The Northwestern Hawaiian Islands are in the path of the North Pacific Subtropical Convergence Zone, which stretches from Japan to the West Coast of the US. This zone is a large, shifting line that is the product of ocean currents and wind interactions where areas of the surface waters meet. The convergence of different water masses result in the aggregation of trash, being carried by each water mass and deposited along this zone. The subtropical convergence zone can actually be observed from a thousand feet in the air as a semi-continuous line of trash, earning its nickname as “East Pacific Garbage Patch.”

The group charged with the removal of these pieces from these remote atolls and islands is the Marine Debris Project, part of the Coral Reef Ecosystem Division, under the NOAA Fisheries, Pacific Islands Fisheries Science Center.
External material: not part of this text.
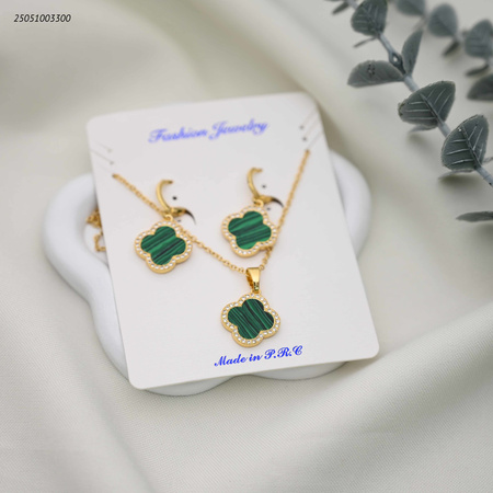 طقم أنيق بتصميم زهرة البرسيم وصدف وزركون.

The group recently completed a large-scale project over the course of the last five years (which just ended in 2006) to remove as much of the derelict fishing gear in the Northwestern Hawaiian Islands as possible. Going out on missions stretching up to four months at a time, two liveaboard mother vessels would carry eight divers each. As the seasons change, the subtropical convergence zone can be observed performing an annual dance in the North Pacific Ocean ballroom. When in the winter this line shifts south and passes the Northwestern Hawaiian Islands around January and February, the large, fractured atolls become a giant comb, trapping these floating debris from all around the North Pacific rim. During the summer, this convergence zone shifts north again.
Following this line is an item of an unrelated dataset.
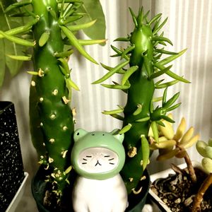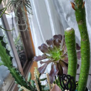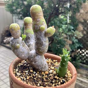 ホワイトゴースト(8/8📷)と、姫将軍を寄せました。ノッポは、植え替えるとグラつくので、大変💦姫将軍側面に穴が空いていたので、植え替え時に、✂️してみましたが虫は発見できず。 姫将軍って多頭になるのかな?これからの展開が楽しみです。(側面のイボが削げ落ち、現在こんな姿。日光不足かな?)

After reaching a predetermined location, the Marine Debris Project has two methods for covering an area. In shallow reef areas, they snorkel, with the boat nearby. In deeper areas, they do “towboarding,” which involves a small board attached to the boat, which is running on average of between 1-2 knots. Inhaling deeply, and with a quick maneuver of the board, the free diver pairs can then go to the bottom, covering it in a serpentine fashion. Each diver covers a transect of 7.5 meters apiece, checking both sides of this transect while staying within visual range of the divers on either side. The distance among divers varies according to the visibility, but it’s never more than 15 cumulative meters, or approximately 45 feet, between the combined diver pair.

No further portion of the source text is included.